_Exercise aim:_ All the lines below should be set down exactly, with no picture carried into the copy.

_Data below:_
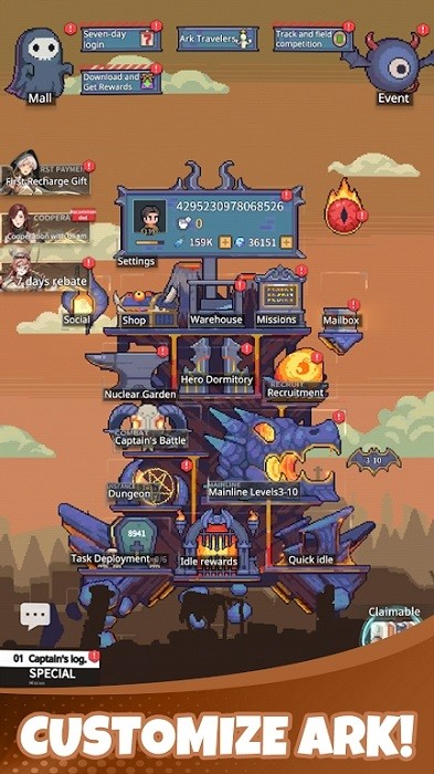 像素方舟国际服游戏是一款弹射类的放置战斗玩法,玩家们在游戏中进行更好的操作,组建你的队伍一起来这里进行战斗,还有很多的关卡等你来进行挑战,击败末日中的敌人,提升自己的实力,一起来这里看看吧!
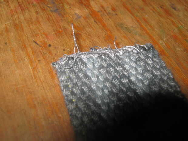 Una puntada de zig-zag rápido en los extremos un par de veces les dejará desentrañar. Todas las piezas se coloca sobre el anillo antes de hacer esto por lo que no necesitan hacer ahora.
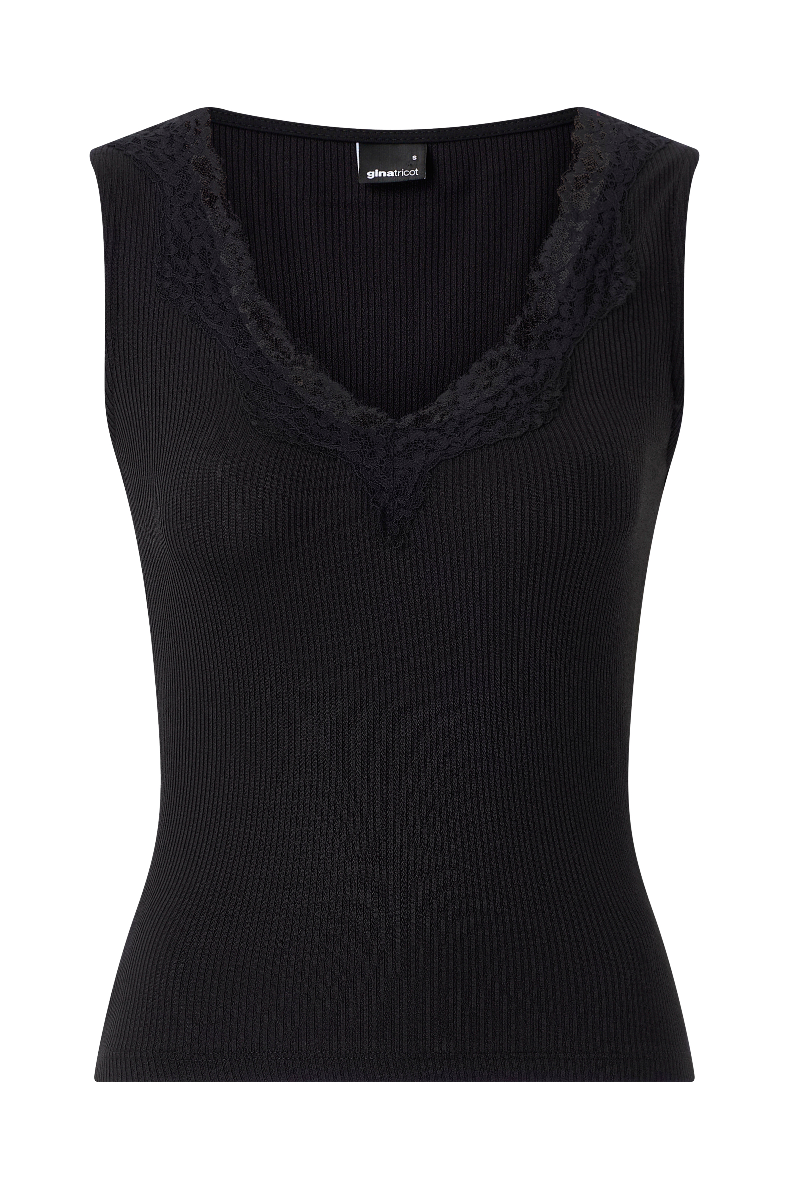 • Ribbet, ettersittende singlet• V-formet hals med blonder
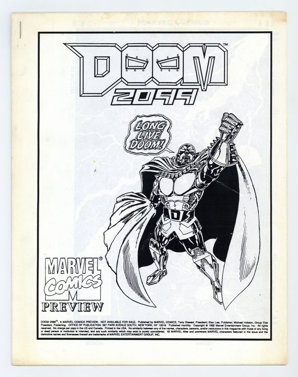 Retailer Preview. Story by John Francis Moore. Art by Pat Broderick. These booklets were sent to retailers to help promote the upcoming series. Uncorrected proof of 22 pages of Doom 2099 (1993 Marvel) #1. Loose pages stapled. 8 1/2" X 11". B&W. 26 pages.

_Written response:_
 像素方舟国际服游戏是一款弹射类的放置战斗玩法,玩家们在游戏中进行更好的操作,组建你的队伍一起来这里进行战斗,还有很多的关卡等你来进行挑战,击败末日中的敌人,提升自己的实力,一起来这里看看吧!
 Una puntada de zig-zag rápido en los extremos un par de veces les dejará desentrañar. Todas las piezas se coloca sobre el anillo antes de hacer esto por lo que no necesitan hacer ahora.
 • Ribbet, ettersittende singlet• V-formet hals med blonder
 Retailer Preview. Story by John Francis Moore. Art by Pat Broderick. These booklets were sent to retailers to help promote the upcoming series. Uncorrected proof of 22 pages of Doom 2099 (1993 Marvel) #1. Loose pages stapled. 8 1/2" X 11". B&W. 26 pages.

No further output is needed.